Karen,
If I understand well, your suggestion is to keep a reasonably small sized team, known as “Masters”, that will be the core engine of the Wiki edition. This team will be made up of outstanding contributors either through their prior effective contribution (which is measurable), of through their effective skills (also measurable or assessable), or through their interest if they do not have yet the two previous criteria
My concern is about this last criteria. How do we define the “interest” ? how do we know that a future wiki Master, without proven outstanding skills and without prior outstanding contribution to the wiki, is however “outstandingly interested” to join the Wiki Master group ?
Just to bring some substance in this concern : the current Wiki Master group counts 48 members. 12 of them (25%) have only performed very few editions in the wiki (mostly orthographic corrections, maximum 30 minor editions in the wiki log, often less than 10 and 3 members have never made at least one edition). Among these 12 members, none has ever posted a message neither the wiki master forum (One of them has thanked , once, one of your posts), nor in Hangout.

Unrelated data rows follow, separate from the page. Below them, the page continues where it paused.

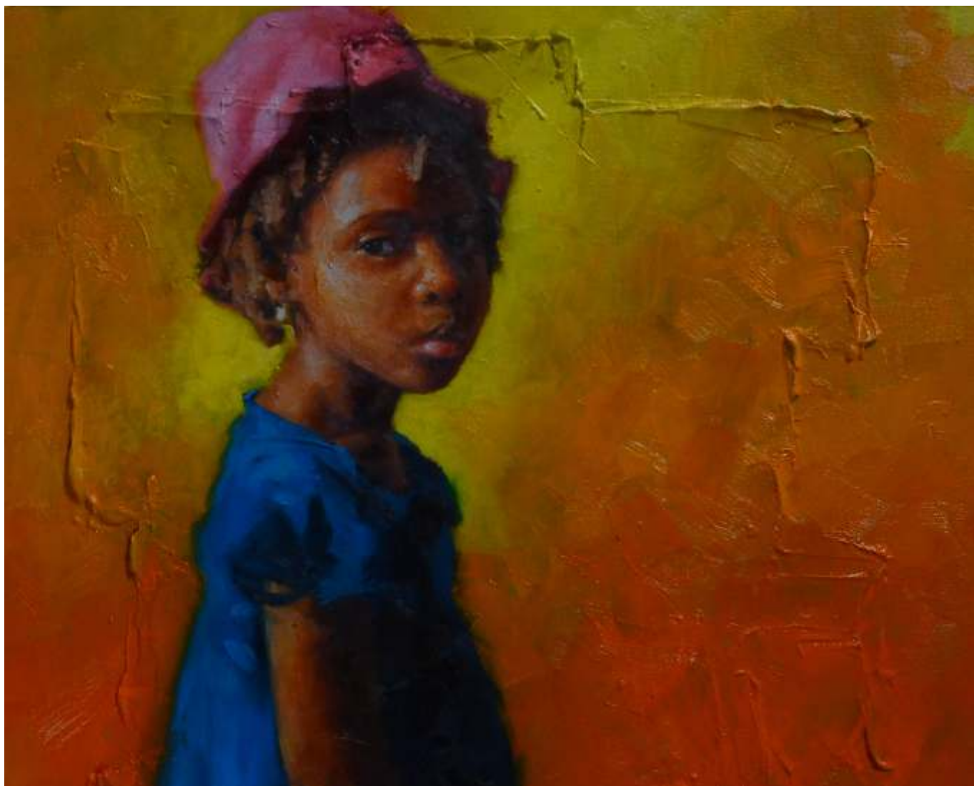
TENDER ANTICIPATION IV / Oil on textured canvas, 22 x 18 inches, 2019
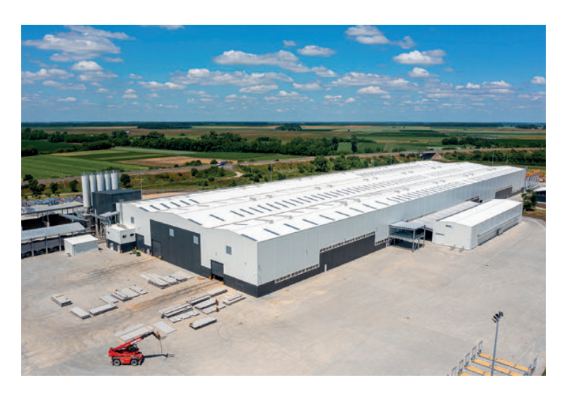
Viastein Kft belongs to the Bayer Construct group and is one of the biggest precast plants built in Hungary.

A precast plant as modern and automated as this one consists of many innovative machines working seamlessly together. In this case, the industry front runner chose another leader in its field for supplying the machinery and the relevant technology, the Progress Group. The company group
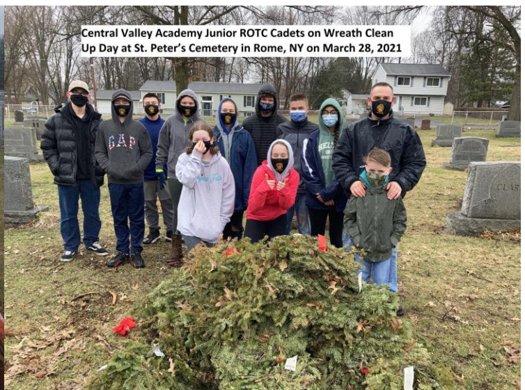
Central Valley Academy Junior ROTC Cadets on Wreath Clean Up Day at St. Peter's Cemetery in Rome, NY on March 28, 2021
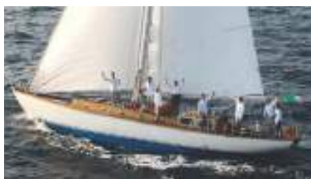
MARGILIC Wooden Classic Cutter Sloop 14.64 m 1948 Location: South of France EUR 150 000
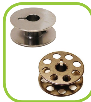
"L or M" bobbin
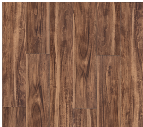
Dunford Bridge | ALRC00205
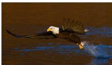
"Nice Catch" – 14 Pts HM
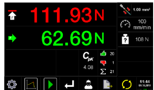
Measurement results on the touch screen
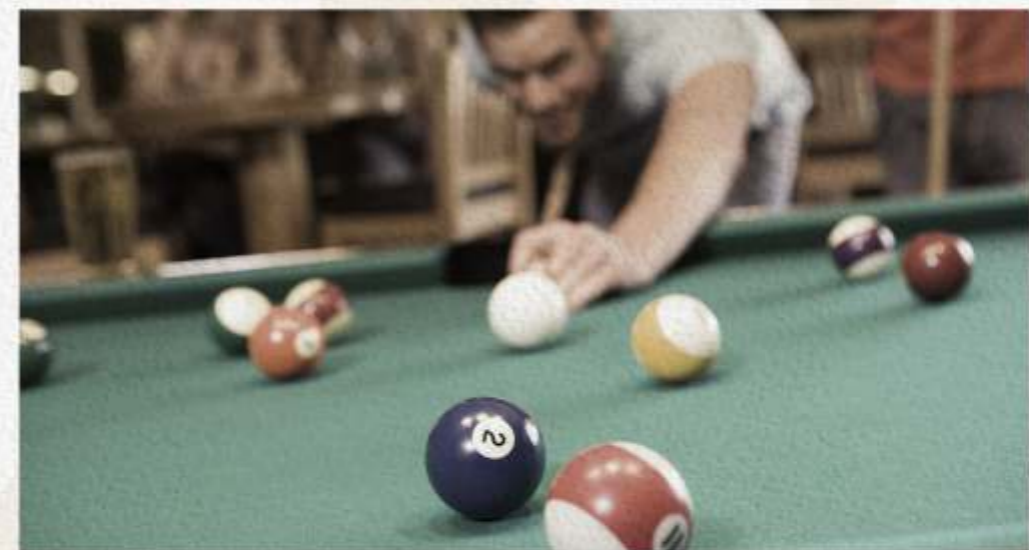
Indoor Games Arcade

Their only true “contribution” has been to put their name in a Google Form at the inception of this project.
On top of these 12 members, I can count another 10 members (21%) that have a relatively small contribution to the wiki (local duplication of the official wiki, without translation, or some tries in their User: namespace). And again, none of them has ever posted a message to the group (not even, at least, “Hello”)
I thing we need to make a choice.
Either we put in the group Everyone that want who apply for, trying to get the widest and, as far as possible, the most various group in term of country representative, levels, experiences, and so one… But then we cannot consider that we are a true “engine” that will drag and energize the effort of all contributors
Or we really cut down the group to a core team, motivated and able to put a lot into the project, then able to create the momentum with the rest of any other contributor , and therefore able to conduct this project to success.
I guess that, according to your message I’ve quoted at the beginning of this post, you’re more inclined to the second option.
For specific projects, I for one think that task-forces are more efficient than agora. (BTW, task-forces don’t need to be black-ops, to come to voludu’s raised subject. but it is another debate).